__What you need to do__: The full listing, exactly as written and with no images, is the expected output.

__Data__:
----

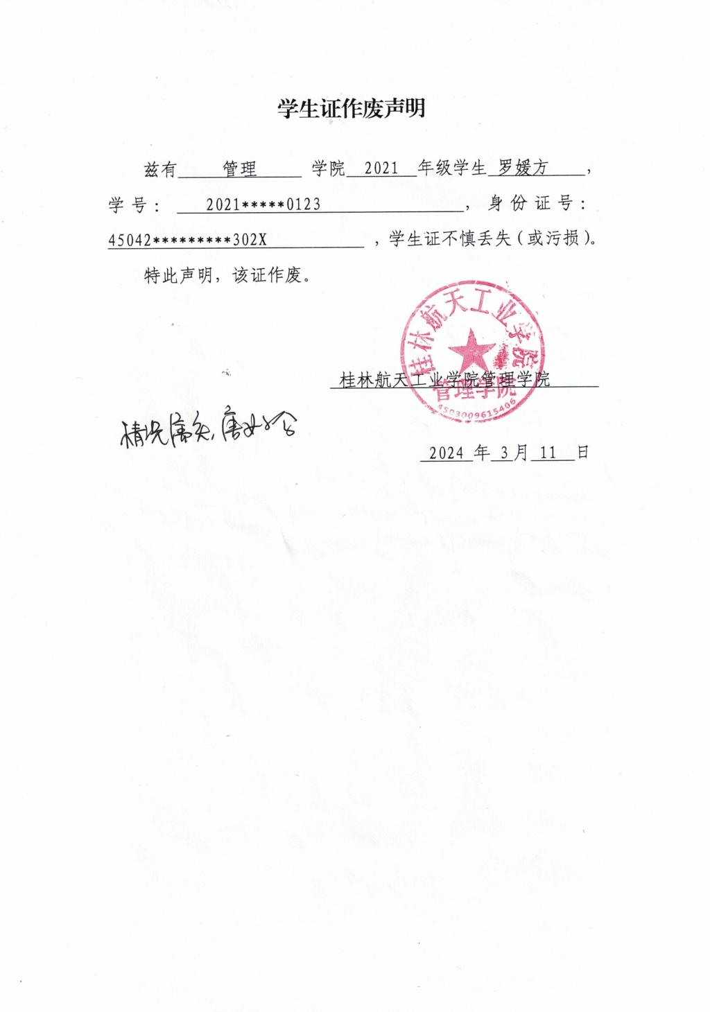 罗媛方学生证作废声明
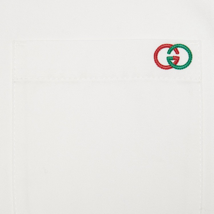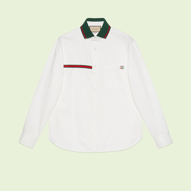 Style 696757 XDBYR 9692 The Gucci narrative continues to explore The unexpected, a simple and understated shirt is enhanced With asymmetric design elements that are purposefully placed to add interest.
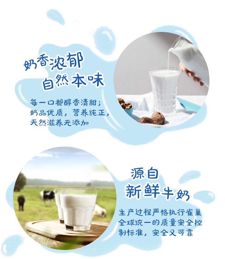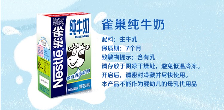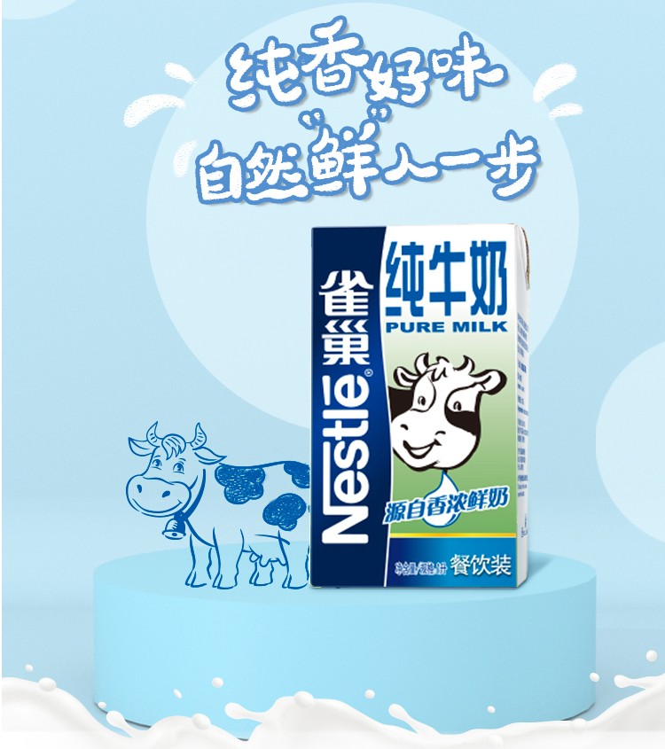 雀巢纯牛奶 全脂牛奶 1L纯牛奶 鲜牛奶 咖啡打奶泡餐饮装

----

__Answer__:
 罗媛方学生证作废声明
 Style 696757 XDBYR 9692 The Gucci narrative continues to explore The unexpected, a simple and understated shirt is enhanced With asymmetric design elements that are purposefully placed to add interest.
 雀巢纯牛奶 全脂牛奶 1L纯牛奶 鲜牛奶 咖啡打奶泡餐饮装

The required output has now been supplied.